§ **Brief**:
Pictures excluded, reproduce exactly the lines below from the one with "미야자키 융단 주식회사" through the one with "家用简约功夫茶具茶盘套装长方形储水日式密胺竹制小茶台沥水托盘", both included.

§ **Data to examine**:
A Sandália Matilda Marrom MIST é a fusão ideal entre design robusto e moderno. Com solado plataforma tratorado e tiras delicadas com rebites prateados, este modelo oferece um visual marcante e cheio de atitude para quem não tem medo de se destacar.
--
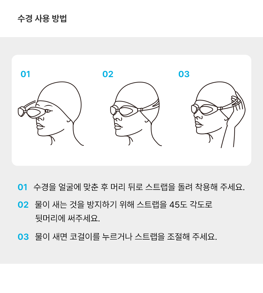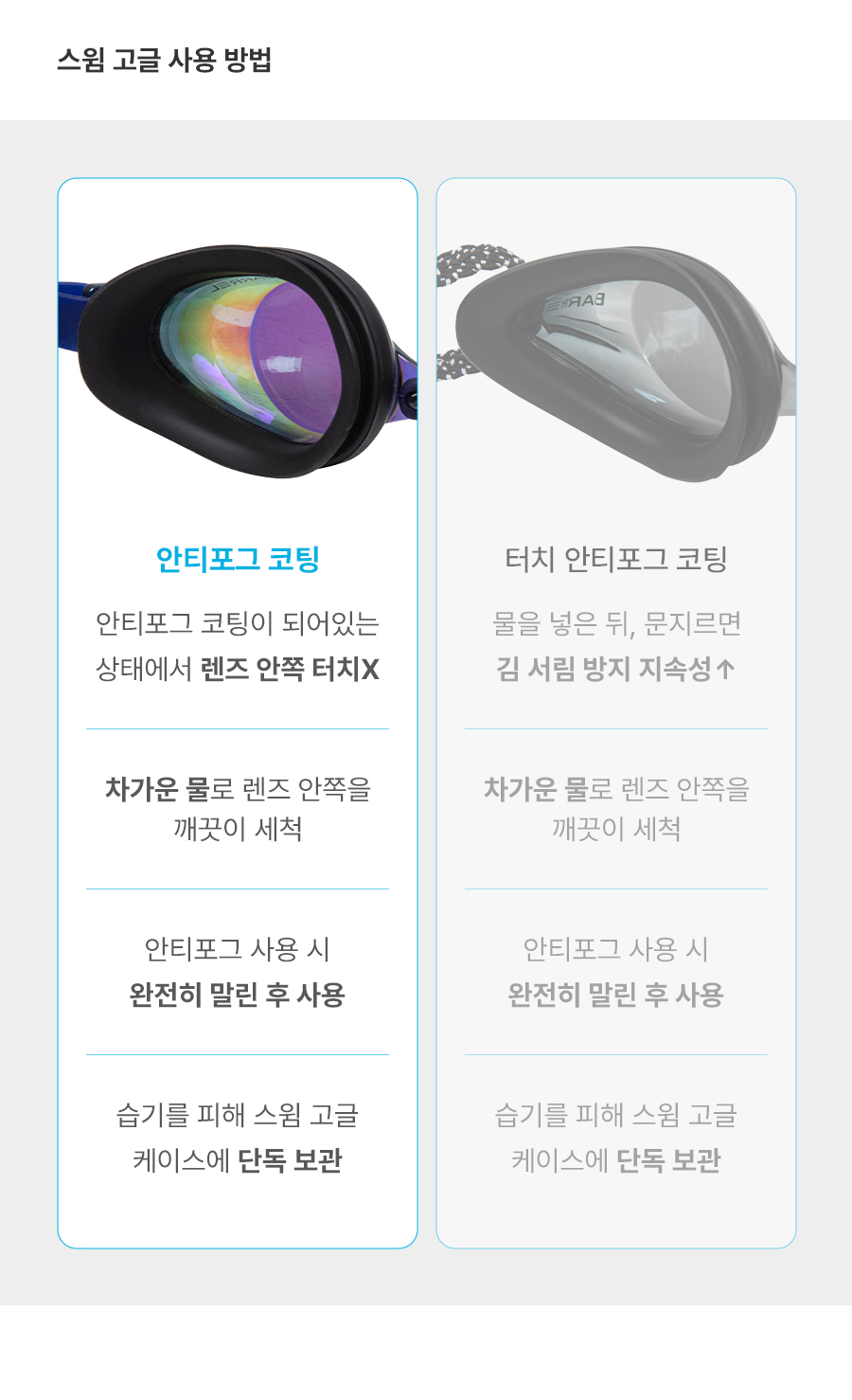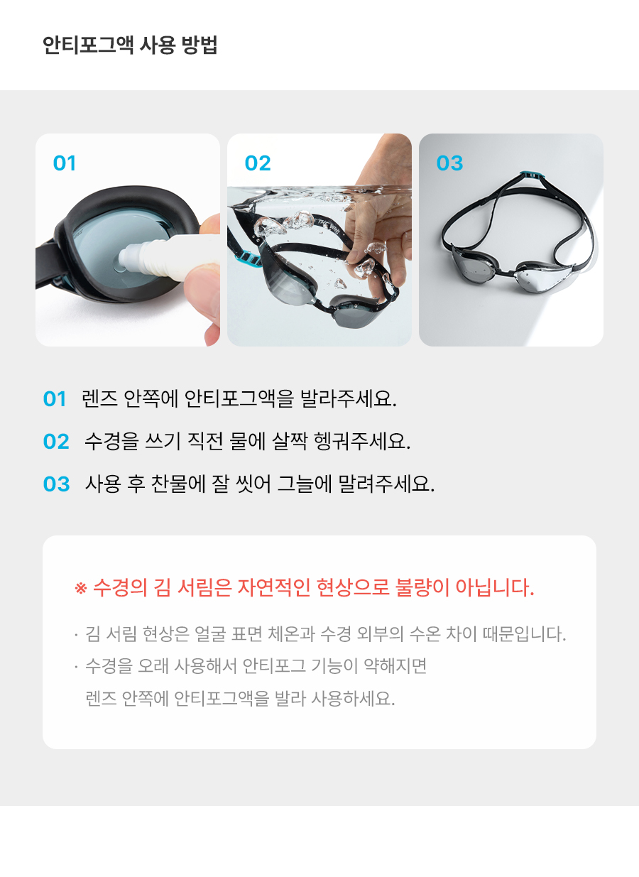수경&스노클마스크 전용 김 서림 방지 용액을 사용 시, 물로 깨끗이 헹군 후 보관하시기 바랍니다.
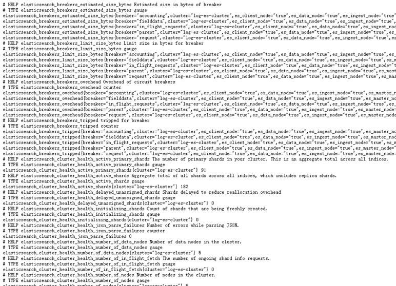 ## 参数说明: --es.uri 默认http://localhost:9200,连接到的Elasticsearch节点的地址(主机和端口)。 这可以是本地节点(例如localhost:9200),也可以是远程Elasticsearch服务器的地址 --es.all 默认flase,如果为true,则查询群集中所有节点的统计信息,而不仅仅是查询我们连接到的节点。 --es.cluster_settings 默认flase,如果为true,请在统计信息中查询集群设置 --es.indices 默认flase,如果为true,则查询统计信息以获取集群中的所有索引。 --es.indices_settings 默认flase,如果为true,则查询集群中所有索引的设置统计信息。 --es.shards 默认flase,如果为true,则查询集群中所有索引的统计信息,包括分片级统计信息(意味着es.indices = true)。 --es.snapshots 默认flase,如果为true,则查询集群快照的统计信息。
---
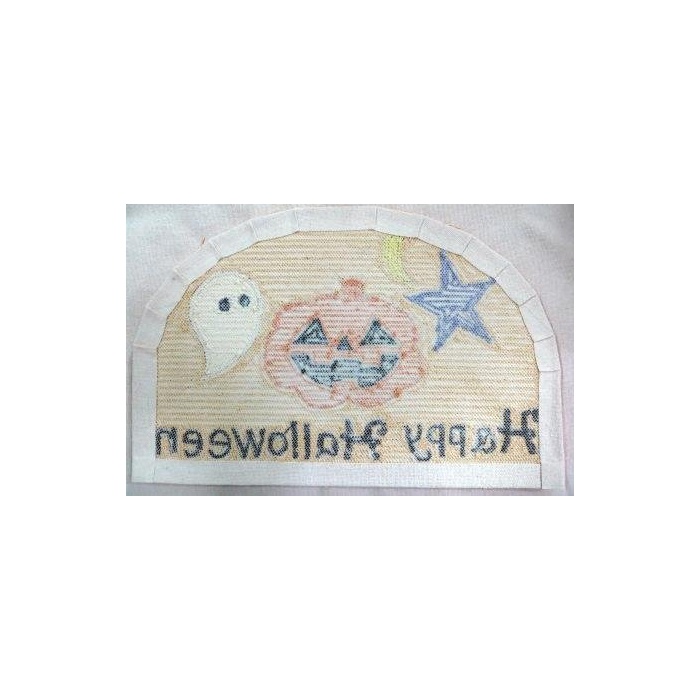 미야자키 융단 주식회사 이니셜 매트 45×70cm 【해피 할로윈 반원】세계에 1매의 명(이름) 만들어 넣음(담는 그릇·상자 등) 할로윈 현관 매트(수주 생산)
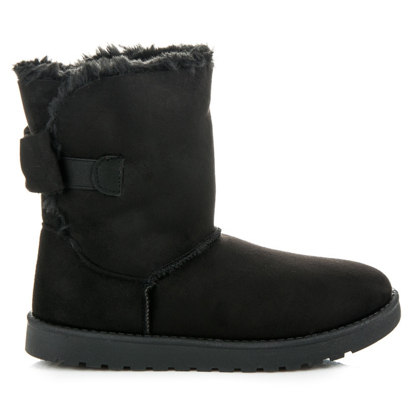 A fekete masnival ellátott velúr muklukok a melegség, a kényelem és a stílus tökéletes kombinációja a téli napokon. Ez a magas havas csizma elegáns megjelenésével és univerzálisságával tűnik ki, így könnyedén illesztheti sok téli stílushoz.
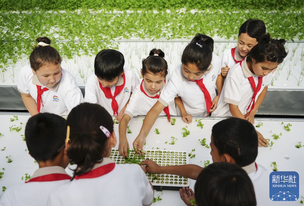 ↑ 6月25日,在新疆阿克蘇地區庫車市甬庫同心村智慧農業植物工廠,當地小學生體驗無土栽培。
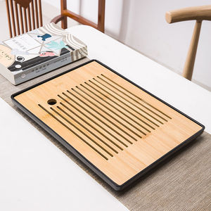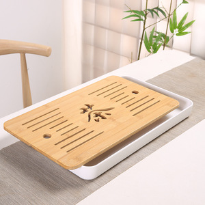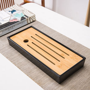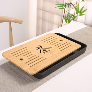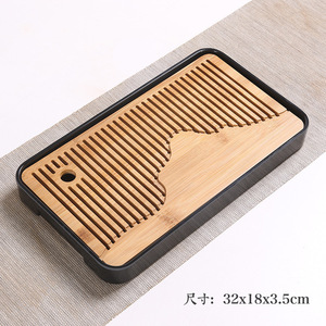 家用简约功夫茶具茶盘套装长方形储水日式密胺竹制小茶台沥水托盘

§ **Response for this exercise**:
 미야자키 융단 주식회사 이니셜 매트 45×70cm 【해피 할로윈 반원】세계에 1매의 명(이름) 만들어 넣음(담는 그릇·상자 등) 할로윈 현관 매트(수주 생산)
 A fekete masnival ellátott velúr muklukok a melegség, a kényelem és a stílus tökéletes kombinációja a téli napokon. Ez a magas havas csizma elegáns megjelenésével és univerzálisságával tűnik ki, így könnyedén illesztheti sok téli stílushoz.
 ↑ 6月25日,在新疆阿克蘇地區庫車市甬庫同心村智慧農業植物工廠,當地小學生體驗無土栽培。
 家用简约功夫茶具茶盘套装长方形储水日式密胺竹制小茶台沥水托盘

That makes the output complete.